Thank you and welcome Fenton. Was it you who talked about PAWS? Fair dinkum, I do reckon I could have it, but there are so many other stressors in my life that hard to tease the two out, or maybe thay hang together?

The thoughts of drinking do enter my head but they waft away effortlessly, as just another self destructive enterprise. No one own the future but I really do know that one drink changes me completely. It's scary.

I'm finding the bringing together of the past, the losses, the abuses very difficult to hold unafraid and without anxiety. Sort of like alcohol is the angst, and I drink it as a substitute for the real thing. Shite, no wonder it hurts so bad. Re-integration ain't easy.

Housing situation is fraught and and can so relate Lady. Relocation is right up there on the stress creators.. You will love it when you get it all set up.

Plenny, I am the litmus test for poverty in australia, well not really, but I understand the lack of funds.
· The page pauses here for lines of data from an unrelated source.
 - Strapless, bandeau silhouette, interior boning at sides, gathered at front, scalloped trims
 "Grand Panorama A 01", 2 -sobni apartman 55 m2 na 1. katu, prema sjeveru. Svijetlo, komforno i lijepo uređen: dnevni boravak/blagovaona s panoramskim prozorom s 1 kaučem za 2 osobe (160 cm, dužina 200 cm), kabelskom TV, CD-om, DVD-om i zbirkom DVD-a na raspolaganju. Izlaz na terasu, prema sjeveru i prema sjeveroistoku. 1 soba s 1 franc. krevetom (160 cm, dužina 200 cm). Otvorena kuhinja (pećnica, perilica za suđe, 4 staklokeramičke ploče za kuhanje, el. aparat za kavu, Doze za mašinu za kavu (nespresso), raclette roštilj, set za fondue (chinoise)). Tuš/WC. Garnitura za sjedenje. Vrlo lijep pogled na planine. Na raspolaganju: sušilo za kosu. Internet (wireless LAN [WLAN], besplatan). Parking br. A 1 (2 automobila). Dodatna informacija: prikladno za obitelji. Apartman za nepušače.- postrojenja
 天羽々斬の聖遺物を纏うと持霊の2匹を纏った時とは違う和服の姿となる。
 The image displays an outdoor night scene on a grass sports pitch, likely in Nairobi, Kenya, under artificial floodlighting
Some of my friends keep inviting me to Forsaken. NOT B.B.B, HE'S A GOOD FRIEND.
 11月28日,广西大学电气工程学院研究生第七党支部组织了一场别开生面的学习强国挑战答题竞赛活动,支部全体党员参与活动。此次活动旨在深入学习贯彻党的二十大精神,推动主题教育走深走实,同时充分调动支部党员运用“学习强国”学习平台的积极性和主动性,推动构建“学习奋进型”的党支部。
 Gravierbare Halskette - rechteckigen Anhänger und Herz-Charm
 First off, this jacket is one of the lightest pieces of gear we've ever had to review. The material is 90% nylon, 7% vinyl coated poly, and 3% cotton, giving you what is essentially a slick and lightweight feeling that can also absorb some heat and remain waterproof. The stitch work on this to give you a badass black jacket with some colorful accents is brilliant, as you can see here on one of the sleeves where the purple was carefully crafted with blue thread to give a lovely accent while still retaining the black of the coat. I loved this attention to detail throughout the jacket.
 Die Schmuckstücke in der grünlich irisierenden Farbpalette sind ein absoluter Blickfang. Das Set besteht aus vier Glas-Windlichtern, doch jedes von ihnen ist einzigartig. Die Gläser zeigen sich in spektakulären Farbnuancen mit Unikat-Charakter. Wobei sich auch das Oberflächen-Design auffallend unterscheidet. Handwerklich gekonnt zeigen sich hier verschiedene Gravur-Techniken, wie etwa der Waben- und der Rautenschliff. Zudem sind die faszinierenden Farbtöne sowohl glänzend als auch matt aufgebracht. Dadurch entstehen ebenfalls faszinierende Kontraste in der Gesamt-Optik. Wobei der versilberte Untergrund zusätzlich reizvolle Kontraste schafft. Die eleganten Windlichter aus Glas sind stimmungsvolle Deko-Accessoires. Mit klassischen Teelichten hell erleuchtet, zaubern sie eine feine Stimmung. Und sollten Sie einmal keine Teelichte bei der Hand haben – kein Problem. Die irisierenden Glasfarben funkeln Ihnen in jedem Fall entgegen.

It inhibits so much, we need resources, but there are ways around it and you sound like you are pulling your budget together. Me too, but sometime the bone gets pretty thin.

Looks to be a beautiful day in Sydney and I regret in no way me telling that a/hole to get F'd. Minimal thoughts on maybe I shouldn't have said it, but I should have!

I just put this post on the wrong page and don't know how to cut and paste it. Hope it reaches you somehow.